DIRECTIONS:
Given the records underneath, please repeat exactly the lines from the line with "黄金:回落1725附近做多,止损1717,目标1750。" through the line with "Spolek přátel Sobotína", passing over any picture.

DATA FOR REVIEW:
%%

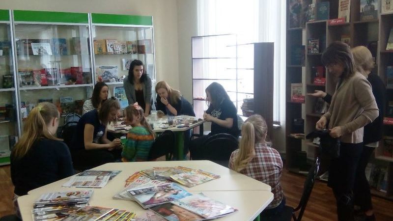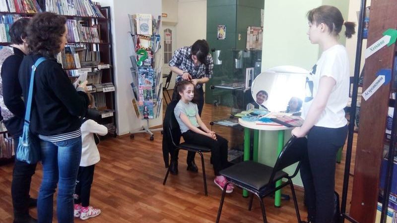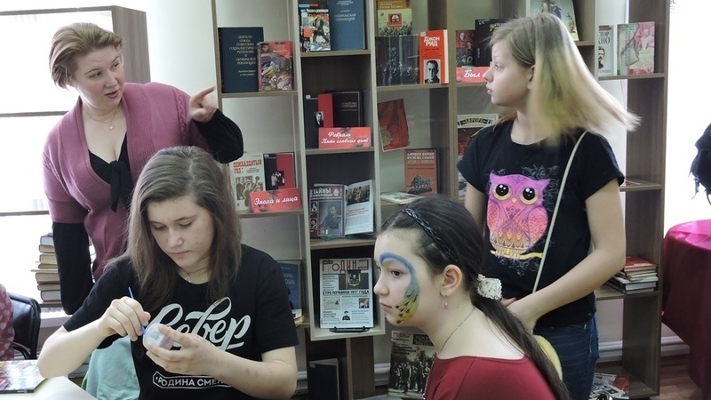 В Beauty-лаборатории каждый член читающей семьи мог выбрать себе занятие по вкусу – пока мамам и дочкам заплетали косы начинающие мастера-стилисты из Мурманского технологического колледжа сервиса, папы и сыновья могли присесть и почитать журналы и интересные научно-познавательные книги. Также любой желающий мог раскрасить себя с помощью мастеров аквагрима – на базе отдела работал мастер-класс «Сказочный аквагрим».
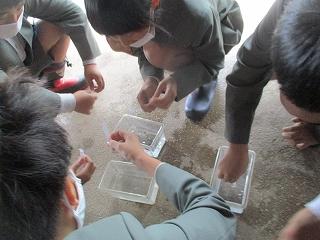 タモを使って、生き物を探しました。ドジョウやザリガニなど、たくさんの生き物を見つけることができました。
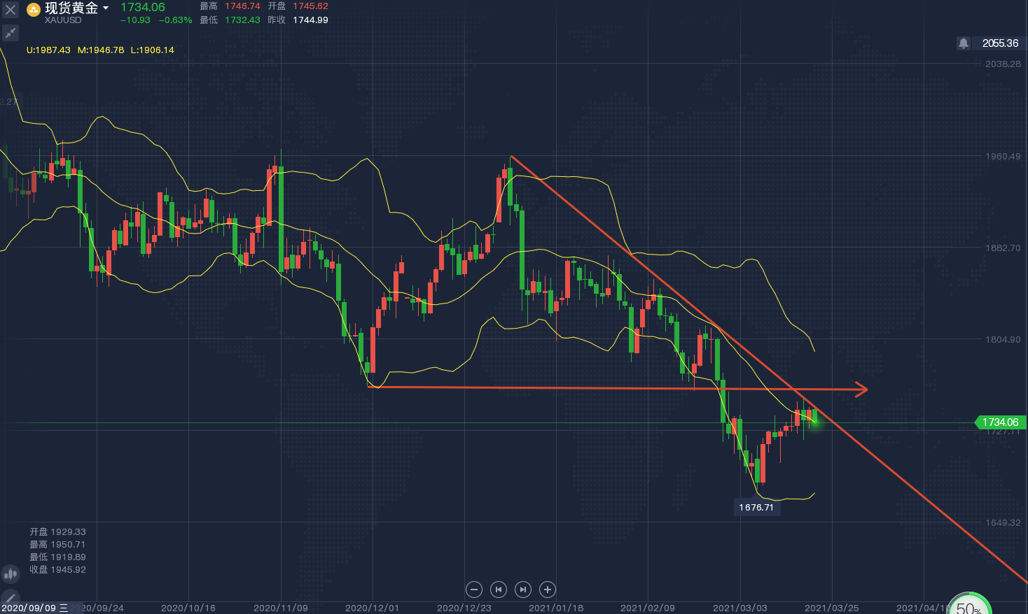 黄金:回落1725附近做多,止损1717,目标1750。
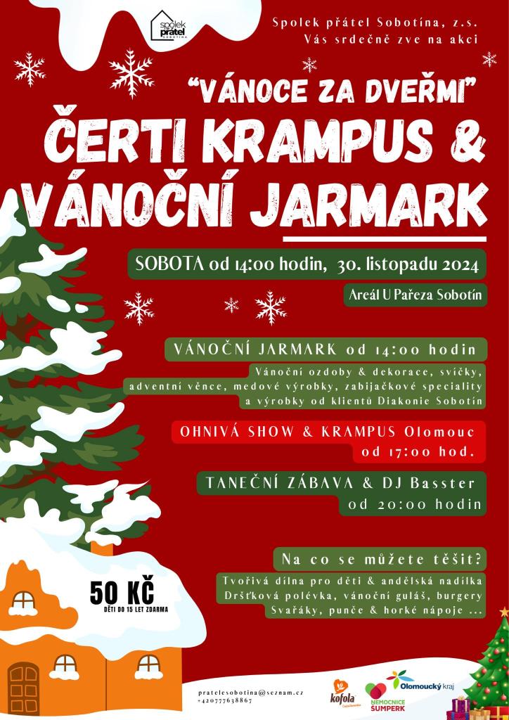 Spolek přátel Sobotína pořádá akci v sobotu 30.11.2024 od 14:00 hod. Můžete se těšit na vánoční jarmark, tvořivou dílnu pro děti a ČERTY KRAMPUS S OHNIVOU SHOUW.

%%
%%

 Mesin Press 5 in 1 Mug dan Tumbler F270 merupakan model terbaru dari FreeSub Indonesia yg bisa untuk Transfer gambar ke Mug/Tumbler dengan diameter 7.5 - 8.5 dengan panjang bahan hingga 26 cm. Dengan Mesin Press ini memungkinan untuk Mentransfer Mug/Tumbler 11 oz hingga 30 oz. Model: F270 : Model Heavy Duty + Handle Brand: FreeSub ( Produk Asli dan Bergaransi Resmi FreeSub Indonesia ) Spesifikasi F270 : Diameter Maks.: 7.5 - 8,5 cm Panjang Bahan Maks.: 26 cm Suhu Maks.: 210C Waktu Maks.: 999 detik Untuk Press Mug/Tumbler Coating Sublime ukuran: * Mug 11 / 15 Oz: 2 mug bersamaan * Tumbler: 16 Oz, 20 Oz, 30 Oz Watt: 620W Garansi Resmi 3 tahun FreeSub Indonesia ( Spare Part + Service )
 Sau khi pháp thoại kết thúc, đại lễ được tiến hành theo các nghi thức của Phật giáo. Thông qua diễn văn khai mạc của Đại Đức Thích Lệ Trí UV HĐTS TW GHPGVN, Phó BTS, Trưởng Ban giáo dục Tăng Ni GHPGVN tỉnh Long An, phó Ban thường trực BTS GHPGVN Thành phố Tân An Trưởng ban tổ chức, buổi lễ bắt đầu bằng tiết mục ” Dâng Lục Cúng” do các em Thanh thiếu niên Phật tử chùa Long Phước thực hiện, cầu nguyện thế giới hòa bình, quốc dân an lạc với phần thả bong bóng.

%%

YOUR SOLUTION:
 黄金:回落1725附近做多,止损1717,目标1750。
 Spolek přátel Sobotína pořádá akci v sobotu 30.11.2024 od 14:00 hod. Můžete se těšit na vánoční jarmark, tvořivou dílnu pro děti a ČERTY KRAMPUS S OHNIVOU SHOUW.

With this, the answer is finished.